A former teacher who switched to college counseling 16 years ago, she'd been volunteering there a year before ACE hired her. So many bright students joined the military after high school, Ms. Bernard says, because "they didn't ever hook up with the grind of doing homework every day." The military provides the kind of discipline and maturity that makes for "spectacular students" in college, she says.
Her work at Walter Reed and at the nearby Bethesda naval hospital is Bernard's way of giving back to men and women who have served. "They've paid a massive price, and we really have an obligation to do whatever we can to try to set their lives in a direction where they'll be able to have something of what they've lost," she says. It also helps her channel maternal energies: Her son is on his second tour in Iraq.
Bernard reassures soldiers who are worried about how they'll cope with academics after their heads have been rattled in IED attacks. She also works with admissions officers to move the process along faster, rather than having veterans wait a long time for a reply. "They've been disappointed so many times, and they are so [concerned] that this is not going to work ... which is just silly," she says. "All of the soldiers who've gone back have done magnificently, and kind of giggled to me and said, 'This wasn't hard at all.' "
Jeff Stevens, the ACE counselor at Brooke Army Medical Center in San Antonio, confronts wounded veterans who say all they want to do is go back into battle. He helps them face the truth that it's not possible. Even with those who may be able to stay in the military, he preaches the value of a college degree.
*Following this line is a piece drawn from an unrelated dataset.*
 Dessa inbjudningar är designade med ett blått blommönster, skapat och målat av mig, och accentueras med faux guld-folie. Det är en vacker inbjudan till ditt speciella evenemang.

Brooke is known for burn treatments, which can take two or three years. "Online universities have filled a void," Mr. Stevens says, helping vets feel productive during time between surgeries.
Stevens also helps connect spouses with educational opportunities. Wives and husbands sometimes have to relocate to help a vet recover, and "nobody's there to pick up the pieces," he says.
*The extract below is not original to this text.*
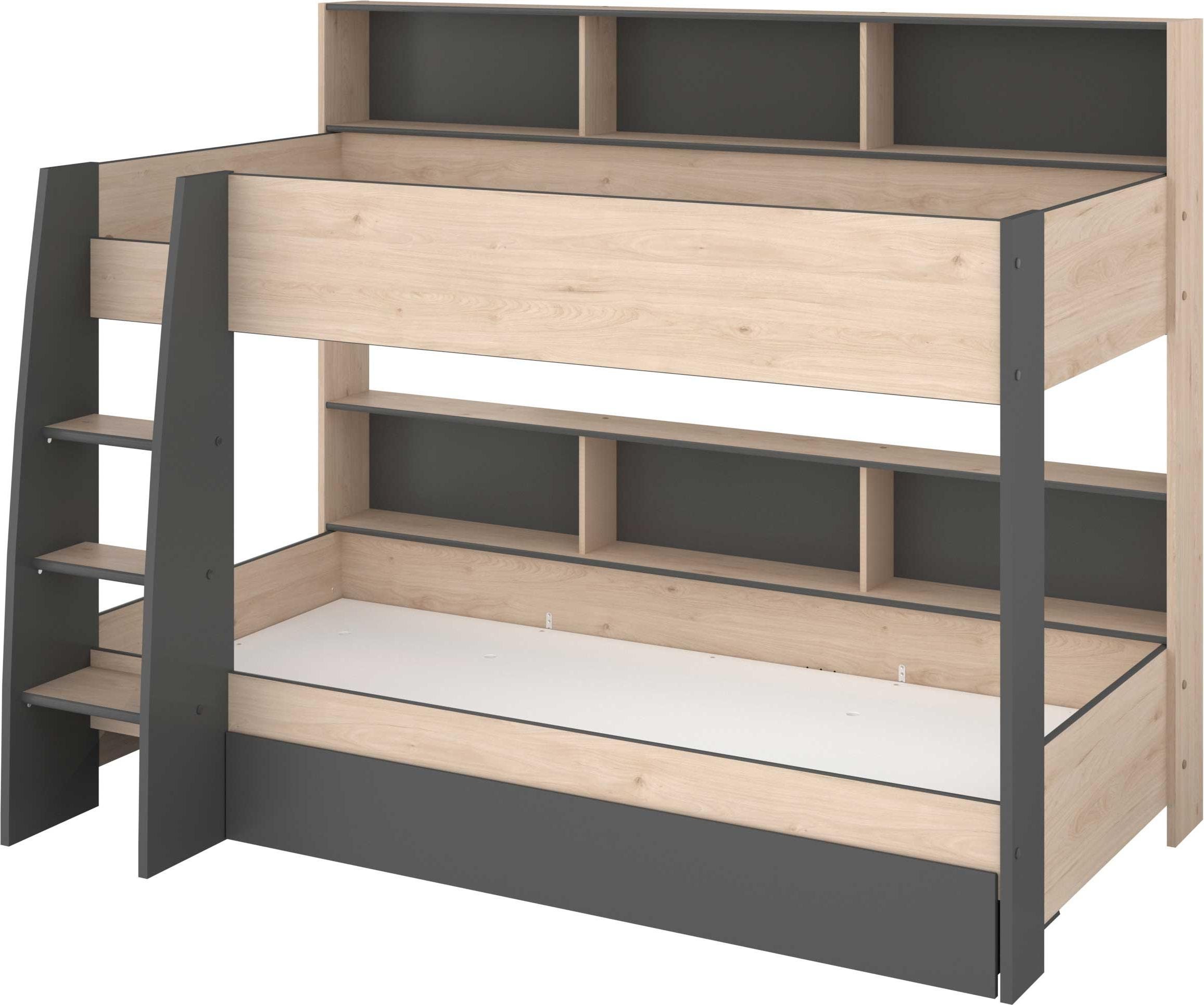 Lit superposé Tam-Tam 31 avec tiroir de lit gris + tiroir de lit Lit adolescent Parisot

Whether their paths lead them to a public university with 40,000 students or a private one with 4,000, Marine veteran Brendan Hart wants to be sure their needs are taken into account in everything from the admissions process to housing.
He's seen both sides of college life since he had to leave his counterterrorism security unit in the spring of 2005. Despite a vaccination that left him in a frail physical condition, he insisted on deploying to Iraq with the men he had trained. He couldn't stay long, however, and ended up spending 17 months at Walter Reed. Mr. Hart's injuries aren't visible, but he spent some time at Dartmouth on crutches. Now he says he's allowed to walk on his own if he can "deal with the pain."
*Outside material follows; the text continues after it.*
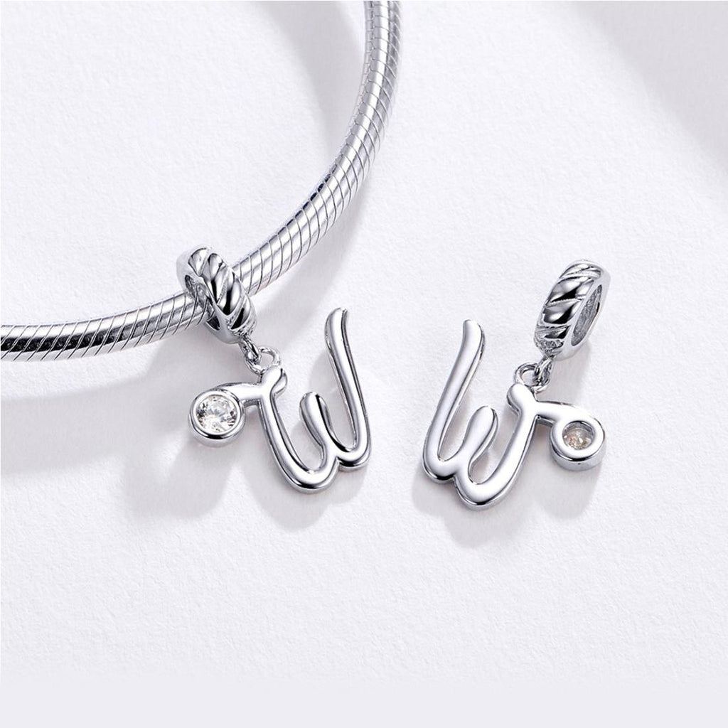 • 1 X 925 Sterling Silver Personalized Letter Pendant For Diy Bracelets Or Necklaces (Style - W)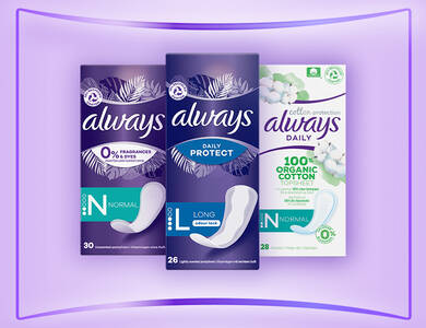 Always-produkterne er designet til, at passe til forskellige kropsformer og størrelser og til at yde beskyttelse for alle typer periodestrømme - fra en let, til en meget kraftig. Uanset om du foretrækker en hygiejnepude med vinger eller uden vinger. Alle Always bind har forskellige teknologier, der gør, at du er sikker på, at du undgår lækage i løbet af dagen eller natten. Med Always Instant Dry-system og Leakguard teknologi sikrer du dig hele døgnet.

Before he met Wright and transferred to Dartmouth, Hart had enrolled at the University of Maryland and had been advocating for veterans at the massive campus. Now he consults with other schools interested in the network of support he helped set up there.
"Because we're so underrepresented in higher education, we are almost a novelty," he says, "and just bridging the gap between the military and academia can go a long way to opening the door to help veterans in their transition."
A history major, Hart helped found both the Dartmouth Undergraduate Veterans Association and the national Student Veterans of America (for more information, contact Brendan.J.Hart@dartmouth.edu). He wants college admissions officers to understand, for instance, that veterans shouldn't be judged on old high school transcripts and SAT scores when they have gained valuable life experience in a foreign country or a combat zone.
He says he's been welcomed at Dartmouth and hopes he can make unique contributions to discussions. At a campus World Affairs Council meeting, the topic of anthropologists embedded with the military came up. He brought the perspective of "what [it] would mean to the combat effectiveness of a military unit. I think that was eye-opening for a lot of individuals," he says.